Personnellement, vous abordez ces élections avec la double casquette de présidente de l’OGBL et de la CSL. Postulez-vous à un second mandat à la tête du « Parlement du travail »?

Je suis en effet candidate à ma propre succession. Cette ambition est bien entendu liée à l’objectif de l’OGBL de renforcer sa majorité absolue, notamment grâce à la fusion désormais achevée avec le Landesverband.

Repères

État civil. Nora Back est née le 17 août 1979 à Esch-sur-Alzette. Elle est pacsée et mère d’une fille.

Formation.
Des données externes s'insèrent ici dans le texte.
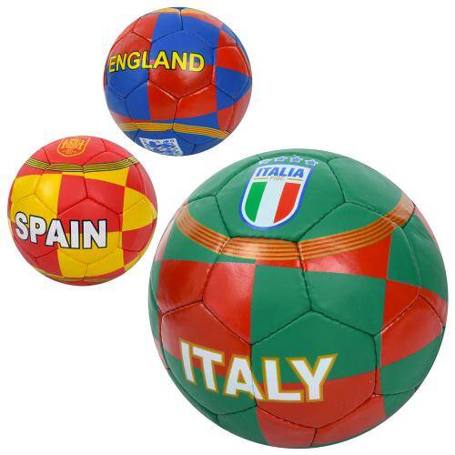 М'яч футбольний, розмір5,ПУ1, 4мм,ручна робота, 32панелі, 400*420г, 3види (країни), пак. (30шт)

Elle décroche à l’université libre de Bruxelles (ULB) un bachelor en psychologie (2000), suivi d’un master en psychologie industrielle et commerciale (2002).

Profession. Avant son arrivée à l’OGBL, Nora Back travaille pour le compte de Quest, un bureau spécialisé en études de marketing.

OGBL. En 2004, Nora Back intègre l’OGBL comme secrétaire centrale adjointe du syndicat Santé, Services sociaux et éducatifs. Elle devient secrétaire centrale du même syndicat professionnel en 2008.

Présidente. Nommée secrétaire générale de l’OGBL en 2018, Nora Back accède dès 2019 aux postes de présidente de la Chambre des salariés (CSL) et de l’OGBL.